🤖 AI Summary
This paper studies the convex hull reconstruction problem for imprecise point sets in the plane, where each point is represented by a region; the objective is to minimize the number of region queries while efficiently determining the cyclic order of convex hull vertices. We propose the first algorithm that simultaneously achieves query optimality and time efficiency: it performs exactly $r(F,P)$ queries—matching the instance-specific lower bound—and runs in $O(r log^3 n)$ time. Our approach integrates geometric divide-and-conquer, interval trees, and dynamic convex hull maintenance, supporting general region models including polygons, simple $k$-gons, and disjoint disks with bounded radii. Crucially, even under arbitrary region overlap, the algorithm retains $O(r log^3 n)$ runtime and $O(r)$ query complexity. Compared to prior work, per-query processing time improves from polynomial to quasi-logarithmic, and the total number of queries significantly outperforms existing near-linear-time algorithms.
📝 Abstract
Imprecise measurements of a point set P = (p1, ..., pn) can be modelled by a family of regions F = (R1, ..., Rn), where each imprecise region Ri contains a unique point pi. A retrieval models an accurate measurement by replacing an imprecise region Ri with its corresponding point pi. We construct the convex hull of an imprecise point set in the plane, where regions in F may be retrieved at unit cost. The goal is to determine the cyclic ordering of the convex hull vertices of P as efficiently as possible. Here, efficiency is interpreted in two ways: (i) minimising the number of retrievals, and (ii) computing each retrieval location quickly. Prior works focused on only one of these two aspects: either minimising retrievals or optimising algorithmic runtime. Our contribution is the first to simultaneously achieve both. Let r(F, P) denote the minimal number of retrievals required by any algorithm to determine the convex hull of P for a given instance (F, P).

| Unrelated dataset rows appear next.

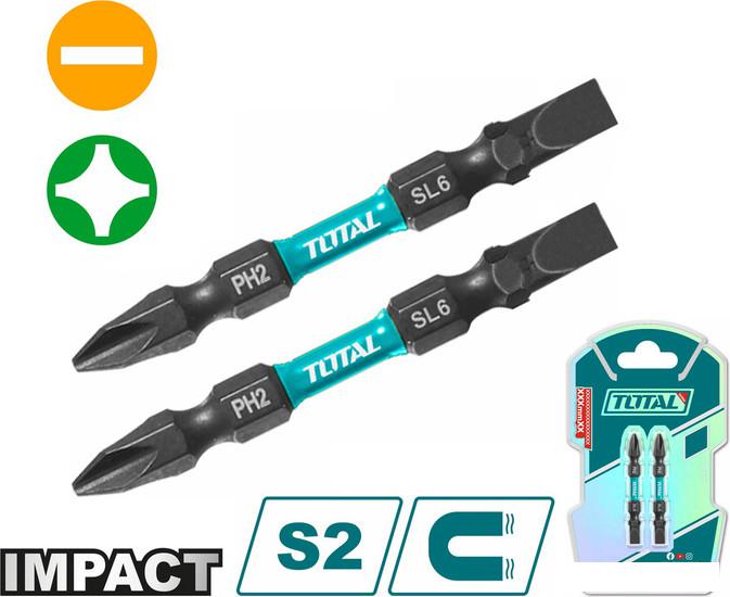 Описание Краткая информация об отличиях товара от конкурентных моделей и аналогов, сведения о позиционировании на рынке, преемственности и др. ✅ Набор бит Total TACIM72HL665 включает в себя двухсторонние ударные биты PH2 + SL6 длиной 65 мм. |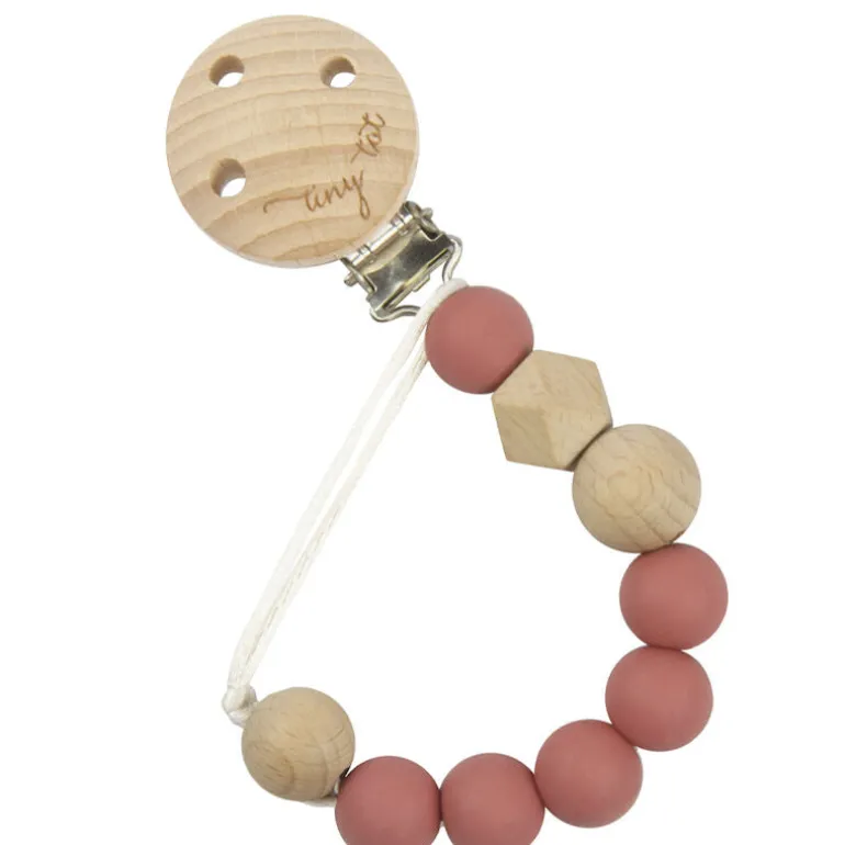 Suttekæden er produceret af 100% fødevaregodkendte silikoneperler og håndpolerede bøgetræsperler, som sammen giver et unikt design. Passer perfekt til barnets outfit og holder sutten nemt på plads.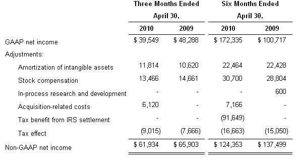 On a non-GAAP basis, net income for the second quarter of fiscal 2010 was $61.9 million, or $0.41 per share, compared to non-GAAP net income of $65.9 million, or $0.45 per share, for the second quarter of fiscal 2009.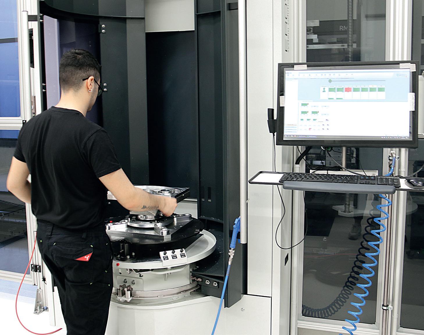 Dazu wird der Prüfprozess in das übergeordnete Leitsystem integriert und automatisiert: Palettisierte Werkstücke werden flexibel und nicht linear automatisiert an die Messmaschine zugeführt – und über Nacht geprüft. So wird unser Engpass – das In-Prozess-Messen – entlastet.

For a family F of n constant-complexity polygons, our main result is a reconstruction algorithm that performs O(r(F, P)) retrievals in O(r(F, P) log^3 n) time. Compared to previous approaches that achieve optimal retrieval counts, we improve the runtime per retrieval by a exponential factor, from polynomial to polylogarithmic. Compared to near-linear time algorithms, we significantly reduce the number of retrievals used, and broaden the input families to include overlapping regions. We further extend our results to simple k-gons and to pairwise disjoint disks with radii in [1,k], where our runtime scales linearly with k.